The article on the requested zoning change for a proposed Home Avenue townhome project [Home Ave. development goes to village board for vote, News, Sept. 28], which is opposed by neighbors (the sign next door declares: “Zoning Laws Are For Everyone”), reports that the developer has given up on the Oak Park Plan Commission, which voted to approve it but failed to achieve the necessary quorum, and he is taking the matter directly to the village board.

I have no dog in the fight. I’m just an Oak Parker who has passed the site most days for over 40 years and has always admired the grand old Victorian house that is the only building there, but I found the article illuminating on the workings of village government.

The zoning request would permit 12 units to be built on the site, although the developer indicates only four are intended. The Plan Commission attorney, however, asserted that no deed restriction to four units could be considered; others are quoted as agreeing that the choice is strictly between existing zoning and what has been requested. Given that, it seems clear the pledge to build only four units isn’t worth the paper it isn’t written on.

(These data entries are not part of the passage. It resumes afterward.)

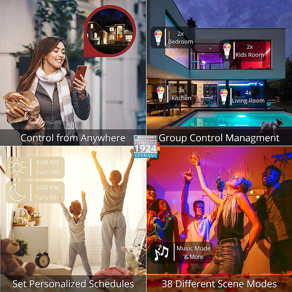Use Blaupunkt smart WiFi light bulb as main light in any room. The colour temperature is tunable from 2700 to 6500 kelvin (warm to cool white). Colour Mode for mood light
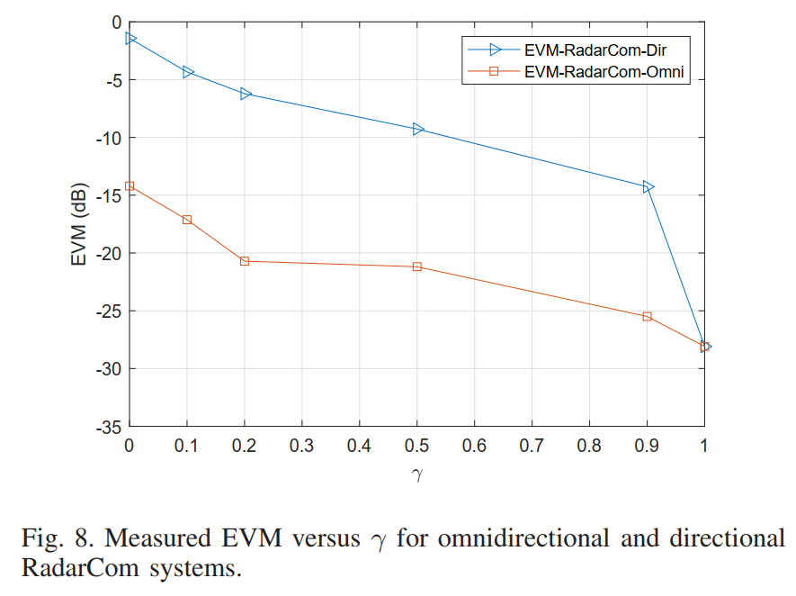 图8定量比较了两种系统在不同 γ \gamma γ值下的通信性能。横轴为权衡因子 γ \gamma γ(0到1),纵轴为EVM(dB)。EVM是衡量调制质量的重要指标,定义为实际接收星座点与理想位置之间偏差的均方根值与理想幅度的比值。较低(更负)的EVM值表示更好的调制质量。
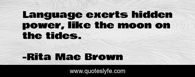 This page presents the quote "Language exerts hidden power, like the moon on the tides.". Author of this quote is Rita Mae Brown. This quote is about language, power,.

Putin swore in February he would not invade Ukraine. But one need not attribute such bad faith to the developer to conclude that 12 units would eventually be built. People make honest changes of judgment. And the next owner is not likely to want to make only what he can from four units, when he could put up 12. The village board has to take this as an application to put up 12 units.

Whatever number is built, the neighboring property values would certainly go down. The condo balconies presently face a large sunny, peaceful green lawn would face the back side of the new townhouses.

While those owners took their chances when they bought, that risk only involved whatever present zoning would permit (a house?); not the backside of a large multi-unit building. The proposed change seems quite unfair to them.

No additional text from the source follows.